-- PROVIDED DATA follows --

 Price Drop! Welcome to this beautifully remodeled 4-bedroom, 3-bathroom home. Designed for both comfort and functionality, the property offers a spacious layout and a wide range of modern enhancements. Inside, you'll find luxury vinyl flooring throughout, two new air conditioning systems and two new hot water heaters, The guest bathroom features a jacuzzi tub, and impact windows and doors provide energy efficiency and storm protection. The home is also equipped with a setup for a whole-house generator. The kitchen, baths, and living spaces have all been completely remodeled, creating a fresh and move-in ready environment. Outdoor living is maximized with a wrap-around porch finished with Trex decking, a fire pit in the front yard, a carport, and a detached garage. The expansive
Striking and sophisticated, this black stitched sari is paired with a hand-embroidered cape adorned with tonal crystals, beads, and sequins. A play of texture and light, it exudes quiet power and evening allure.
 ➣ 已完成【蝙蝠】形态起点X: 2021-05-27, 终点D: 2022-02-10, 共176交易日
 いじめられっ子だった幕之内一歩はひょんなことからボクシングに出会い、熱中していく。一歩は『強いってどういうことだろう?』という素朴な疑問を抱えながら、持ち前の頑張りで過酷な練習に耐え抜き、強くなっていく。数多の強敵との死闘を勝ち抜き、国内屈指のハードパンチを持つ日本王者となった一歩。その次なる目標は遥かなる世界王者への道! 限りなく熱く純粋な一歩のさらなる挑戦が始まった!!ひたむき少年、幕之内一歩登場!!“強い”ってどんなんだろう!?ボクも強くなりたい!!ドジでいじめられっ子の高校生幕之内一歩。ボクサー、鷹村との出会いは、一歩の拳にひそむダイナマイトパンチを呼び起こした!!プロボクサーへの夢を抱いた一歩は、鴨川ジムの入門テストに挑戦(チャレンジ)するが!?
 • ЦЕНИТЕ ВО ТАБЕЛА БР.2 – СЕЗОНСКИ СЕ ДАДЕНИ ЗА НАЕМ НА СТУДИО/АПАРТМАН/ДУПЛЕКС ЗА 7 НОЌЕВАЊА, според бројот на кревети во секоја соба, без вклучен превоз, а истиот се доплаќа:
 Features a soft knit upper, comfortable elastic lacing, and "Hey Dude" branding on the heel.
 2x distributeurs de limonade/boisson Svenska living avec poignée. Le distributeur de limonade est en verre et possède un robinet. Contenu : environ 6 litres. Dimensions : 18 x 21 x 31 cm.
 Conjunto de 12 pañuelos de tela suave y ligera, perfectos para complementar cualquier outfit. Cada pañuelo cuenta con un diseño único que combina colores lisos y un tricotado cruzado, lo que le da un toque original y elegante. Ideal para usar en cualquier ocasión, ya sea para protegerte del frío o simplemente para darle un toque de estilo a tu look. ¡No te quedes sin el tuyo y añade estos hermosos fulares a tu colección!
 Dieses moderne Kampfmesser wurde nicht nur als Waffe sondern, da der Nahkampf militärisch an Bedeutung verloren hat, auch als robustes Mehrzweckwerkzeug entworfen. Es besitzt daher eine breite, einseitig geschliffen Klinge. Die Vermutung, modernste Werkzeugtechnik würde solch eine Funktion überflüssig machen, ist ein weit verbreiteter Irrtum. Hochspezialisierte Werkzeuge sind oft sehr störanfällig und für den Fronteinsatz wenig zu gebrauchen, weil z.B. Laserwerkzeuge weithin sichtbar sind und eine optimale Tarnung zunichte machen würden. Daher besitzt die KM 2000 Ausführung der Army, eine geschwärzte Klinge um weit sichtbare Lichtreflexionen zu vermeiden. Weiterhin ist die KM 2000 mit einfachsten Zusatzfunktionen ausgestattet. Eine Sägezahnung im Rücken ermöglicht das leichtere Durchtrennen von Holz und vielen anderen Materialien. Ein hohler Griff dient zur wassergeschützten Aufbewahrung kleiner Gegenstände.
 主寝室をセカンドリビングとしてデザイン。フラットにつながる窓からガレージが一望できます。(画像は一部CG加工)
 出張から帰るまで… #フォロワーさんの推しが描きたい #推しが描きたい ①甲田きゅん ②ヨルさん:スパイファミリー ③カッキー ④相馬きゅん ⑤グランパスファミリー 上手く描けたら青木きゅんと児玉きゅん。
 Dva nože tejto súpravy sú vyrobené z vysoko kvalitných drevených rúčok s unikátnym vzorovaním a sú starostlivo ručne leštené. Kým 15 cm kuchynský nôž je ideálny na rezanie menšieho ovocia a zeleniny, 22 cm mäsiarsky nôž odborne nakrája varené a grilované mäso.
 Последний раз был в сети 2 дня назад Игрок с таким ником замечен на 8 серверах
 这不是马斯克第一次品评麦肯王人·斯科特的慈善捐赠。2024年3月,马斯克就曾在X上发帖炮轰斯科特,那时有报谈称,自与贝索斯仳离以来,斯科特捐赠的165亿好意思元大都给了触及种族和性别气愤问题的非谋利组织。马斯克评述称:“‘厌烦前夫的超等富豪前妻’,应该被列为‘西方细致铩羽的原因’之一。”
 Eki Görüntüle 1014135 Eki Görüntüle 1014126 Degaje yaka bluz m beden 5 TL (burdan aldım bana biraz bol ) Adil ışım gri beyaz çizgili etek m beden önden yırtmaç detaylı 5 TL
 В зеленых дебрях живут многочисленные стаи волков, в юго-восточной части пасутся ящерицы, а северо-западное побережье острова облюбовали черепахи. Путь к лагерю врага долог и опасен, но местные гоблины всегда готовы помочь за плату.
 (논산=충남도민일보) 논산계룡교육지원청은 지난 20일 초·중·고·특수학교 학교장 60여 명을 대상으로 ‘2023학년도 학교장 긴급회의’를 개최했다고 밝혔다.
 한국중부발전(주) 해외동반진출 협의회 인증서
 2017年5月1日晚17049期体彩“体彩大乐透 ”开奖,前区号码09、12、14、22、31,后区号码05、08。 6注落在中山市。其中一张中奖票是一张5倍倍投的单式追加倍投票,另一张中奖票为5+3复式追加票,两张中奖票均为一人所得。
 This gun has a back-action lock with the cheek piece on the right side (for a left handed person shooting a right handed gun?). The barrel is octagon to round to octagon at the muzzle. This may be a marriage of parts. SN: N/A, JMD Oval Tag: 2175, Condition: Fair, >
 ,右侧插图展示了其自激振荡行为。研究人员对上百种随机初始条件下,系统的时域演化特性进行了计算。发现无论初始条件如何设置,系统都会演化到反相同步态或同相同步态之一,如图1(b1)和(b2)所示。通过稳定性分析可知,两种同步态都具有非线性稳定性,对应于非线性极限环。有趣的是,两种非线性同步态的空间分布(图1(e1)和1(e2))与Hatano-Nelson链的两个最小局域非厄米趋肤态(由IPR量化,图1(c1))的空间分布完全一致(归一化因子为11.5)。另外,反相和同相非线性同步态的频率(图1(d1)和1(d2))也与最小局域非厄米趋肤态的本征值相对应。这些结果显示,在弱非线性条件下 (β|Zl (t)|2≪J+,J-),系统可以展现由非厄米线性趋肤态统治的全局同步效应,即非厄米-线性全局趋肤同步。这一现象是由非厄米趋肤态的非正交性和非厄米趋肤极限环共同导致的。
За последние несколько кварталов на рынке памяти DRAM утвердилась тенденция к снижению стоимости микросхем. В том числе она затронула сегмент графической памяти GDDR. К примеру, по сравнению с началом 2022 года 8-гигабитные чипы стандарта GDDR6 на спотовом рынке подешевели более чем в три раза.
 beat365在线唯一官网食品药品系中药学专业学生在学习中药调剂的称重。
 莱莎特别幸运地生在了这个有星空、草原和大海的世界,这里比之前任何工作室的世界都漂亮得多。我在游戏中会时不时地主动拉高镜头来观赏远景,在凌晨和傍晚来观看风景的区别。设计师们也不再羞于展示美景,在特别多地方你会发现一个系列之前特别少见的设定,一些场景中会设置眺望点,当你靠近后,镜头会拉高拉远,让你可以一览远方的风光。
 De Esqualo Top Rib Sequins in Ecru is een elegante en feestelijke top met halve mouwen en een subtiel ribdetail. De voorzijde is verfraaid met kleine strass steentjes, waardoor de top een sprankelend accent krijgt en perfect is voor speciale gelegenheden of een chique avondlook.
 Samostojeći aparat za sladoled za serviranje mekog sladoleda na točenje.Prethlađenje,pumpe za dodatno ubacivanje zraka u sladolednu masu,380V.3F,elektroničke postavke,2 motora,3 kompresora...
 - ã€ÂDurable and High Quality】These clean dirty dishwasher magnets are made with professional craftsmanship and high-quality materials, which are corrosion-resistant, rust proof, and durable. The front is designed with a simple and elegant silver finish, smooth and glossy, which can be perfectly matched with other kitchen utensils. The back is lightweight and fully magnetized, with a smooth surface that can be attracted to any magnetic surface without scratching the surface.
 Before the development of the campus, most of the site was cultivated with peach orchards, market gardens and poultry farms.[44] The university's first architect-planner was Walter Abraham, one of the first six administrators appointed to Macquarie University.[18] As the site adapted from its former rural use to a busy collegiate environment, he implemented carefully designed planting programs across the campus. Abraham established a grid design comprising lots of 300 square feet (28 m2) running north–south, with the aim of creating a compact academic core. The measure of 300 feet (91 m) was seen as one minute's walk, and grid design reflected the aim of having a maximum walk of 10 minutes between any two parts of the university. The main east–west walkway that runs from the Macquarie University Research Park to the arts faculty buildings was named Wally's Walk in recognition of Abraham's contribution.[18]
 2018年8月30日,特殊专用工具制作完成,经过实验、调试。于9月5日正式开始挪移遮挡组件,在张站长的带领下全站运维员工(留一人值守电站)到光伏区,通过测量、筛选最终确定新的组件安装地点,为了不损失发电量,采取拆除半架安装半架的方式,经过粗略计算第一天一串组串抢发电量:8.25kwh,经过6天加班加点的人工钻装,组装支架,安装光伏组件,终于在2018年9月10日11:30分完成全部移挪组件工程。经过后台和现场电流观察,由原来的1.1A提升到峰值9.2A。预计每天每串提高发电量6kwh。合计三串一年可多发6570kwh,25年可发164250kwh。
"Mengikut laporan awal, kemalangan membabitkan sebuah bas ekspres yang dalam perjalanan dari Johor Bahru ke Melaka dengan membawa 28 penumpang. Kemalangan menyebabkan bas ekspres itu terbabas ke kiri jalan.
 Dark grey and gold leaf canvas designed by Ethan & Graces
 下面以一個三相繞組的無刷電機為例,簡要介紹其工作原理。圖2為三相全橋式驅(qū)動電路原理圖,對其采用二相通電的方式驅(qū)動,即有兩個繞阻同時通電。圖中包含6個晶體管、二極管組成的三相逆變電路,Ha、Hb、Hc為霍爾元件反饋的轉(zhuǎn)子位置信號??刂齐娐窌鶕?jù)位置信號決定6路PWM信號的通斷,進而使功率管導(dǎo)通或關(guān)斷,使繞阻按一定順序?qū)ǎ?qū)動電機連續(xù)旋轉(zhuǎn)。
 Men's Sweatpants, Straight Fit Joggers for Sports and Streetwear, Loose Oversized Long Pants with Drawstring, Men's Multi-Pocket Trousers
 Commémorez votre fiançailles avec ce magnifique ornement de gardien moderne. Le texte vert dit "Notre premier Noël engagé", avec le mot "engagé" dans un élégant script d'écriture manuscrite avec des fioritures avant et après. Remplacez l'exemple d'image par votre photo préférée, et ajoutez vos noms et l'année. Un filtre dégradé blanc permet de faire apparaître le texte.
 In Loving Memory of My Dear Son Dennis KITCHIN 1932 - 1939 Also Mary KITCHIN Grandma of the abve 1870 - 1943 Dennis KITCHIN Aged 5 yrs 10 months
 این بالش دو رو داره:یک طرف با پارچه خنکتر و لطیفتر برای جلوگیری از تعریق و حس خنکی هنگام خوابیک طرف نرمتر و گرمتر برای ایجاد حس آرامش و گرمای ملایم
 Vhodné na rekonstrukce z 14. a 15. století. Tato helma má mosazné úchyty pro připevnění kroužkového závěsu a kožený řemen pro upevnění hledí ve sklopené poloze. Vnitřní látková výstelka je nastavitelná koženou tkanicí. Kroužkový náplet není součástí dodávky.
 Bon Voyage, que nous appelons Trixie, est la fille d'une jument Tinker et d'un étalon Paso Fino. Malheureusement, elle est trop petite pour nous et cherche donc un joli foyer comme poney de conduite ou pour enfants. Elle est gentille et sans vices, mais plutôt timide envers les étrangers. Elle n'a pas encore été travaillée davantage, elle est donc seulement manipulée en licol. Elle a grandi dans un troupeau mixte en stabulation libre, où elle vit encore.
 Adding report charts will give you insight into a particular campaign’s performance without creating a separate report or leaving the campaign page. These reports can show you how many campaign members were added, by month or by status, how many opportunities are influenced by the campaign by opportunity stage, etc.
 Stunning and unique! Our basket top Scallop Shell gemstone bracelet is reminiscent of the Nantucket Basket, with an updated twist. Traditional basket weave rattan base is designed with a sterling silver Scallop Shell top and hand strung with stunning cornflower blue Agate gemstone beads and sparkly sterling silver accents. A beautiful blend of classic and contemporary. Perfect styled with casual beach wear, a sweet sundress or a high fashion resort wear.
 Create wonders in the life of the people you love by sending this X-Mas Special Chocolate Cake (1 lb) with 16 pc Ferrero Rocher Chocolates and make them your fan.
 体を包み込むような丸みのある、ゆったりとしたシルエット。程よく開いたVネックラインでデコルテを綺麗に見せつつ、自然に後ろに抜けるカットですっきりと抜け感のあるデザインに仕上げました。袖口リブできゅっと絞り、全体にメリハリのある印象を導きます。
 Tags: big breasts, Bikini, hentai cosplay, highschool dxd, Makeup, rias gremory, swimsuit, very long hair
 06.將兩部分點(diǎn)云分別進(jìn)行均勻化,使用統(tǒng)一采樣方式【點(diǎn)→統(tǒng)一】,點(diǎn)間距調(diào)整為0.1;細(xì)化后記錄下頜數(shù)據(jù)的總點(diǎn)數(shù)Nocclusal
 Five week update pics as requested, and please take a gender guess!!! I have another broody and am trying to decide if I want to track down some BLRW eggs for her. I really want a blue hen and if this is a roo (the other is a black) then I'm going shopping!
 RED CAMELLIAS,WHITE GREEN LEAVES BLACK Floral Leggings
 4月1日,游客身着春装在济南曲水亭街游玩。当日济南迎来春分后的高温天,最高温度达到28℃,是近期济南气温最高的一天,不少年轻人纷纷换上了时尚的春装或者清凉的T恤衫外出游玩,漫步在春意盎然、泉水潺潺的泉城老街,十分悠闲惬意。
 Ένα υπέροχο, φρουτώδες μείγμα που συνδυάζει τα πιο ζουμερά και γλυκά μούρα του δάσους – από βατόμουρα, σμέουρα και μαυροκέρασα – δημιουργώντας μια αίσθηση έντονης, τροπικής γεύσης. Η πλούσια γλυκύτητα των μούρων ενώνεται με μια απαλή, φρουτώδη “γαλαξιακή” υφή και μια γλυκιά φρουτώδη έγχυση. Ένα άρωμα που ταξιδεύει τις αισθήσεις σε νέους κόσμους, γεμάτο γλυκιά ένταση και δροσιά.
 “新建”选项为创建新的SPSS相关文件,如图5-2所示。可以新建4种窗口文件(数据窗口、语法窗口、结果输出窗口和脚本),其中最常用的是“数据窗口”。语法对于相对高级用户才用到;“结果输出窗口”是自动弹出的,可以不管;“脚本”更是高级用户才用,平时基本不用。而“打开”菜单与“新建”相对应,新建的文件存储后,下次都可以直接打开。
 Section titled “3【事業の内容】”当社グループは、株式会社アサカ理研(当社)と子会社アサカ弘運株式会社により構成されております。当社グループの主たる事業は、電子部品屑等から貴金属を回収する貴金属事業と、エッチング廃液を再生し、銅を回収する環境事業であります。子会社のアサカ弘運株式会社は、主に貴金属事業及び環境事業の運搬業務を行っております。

-- PROVIDED DATA concluded --

EXERCISE DIRECTIONS →
Could you repeat exactly the lines above from the line with "Features a soft" up to and including the line with "Conjunto de 12", and only those?

OUTPUT OF THE TASK →
 Features a soft knit upper, comfortable elastic lacing, and "Hey Dude" branding on the heel.
 2x distributeurs de limonade/boisson Svenska living avec poignée. Le distributeur de limonade est en verre et possède un robinet. Contenu : environ 6 litres. Dimensions : 18 x 21 x 31 cm.
 Conjunto de 12 pañuelos de tela suave y ligera, perfectos para complementar cualquier outfit. Cada pañuelo cuenta con un diseño único que combina colores lisos y un tricotado cruzado, lo que le da un toque original y elegante. Ideal para usar en cualquier ocasión, ya sea para protegerte del frío o simplemente para darle un toque de estilo a tu look. ¡No te quedes sin el tuyo y añade estos hermosos fulares a tu colección!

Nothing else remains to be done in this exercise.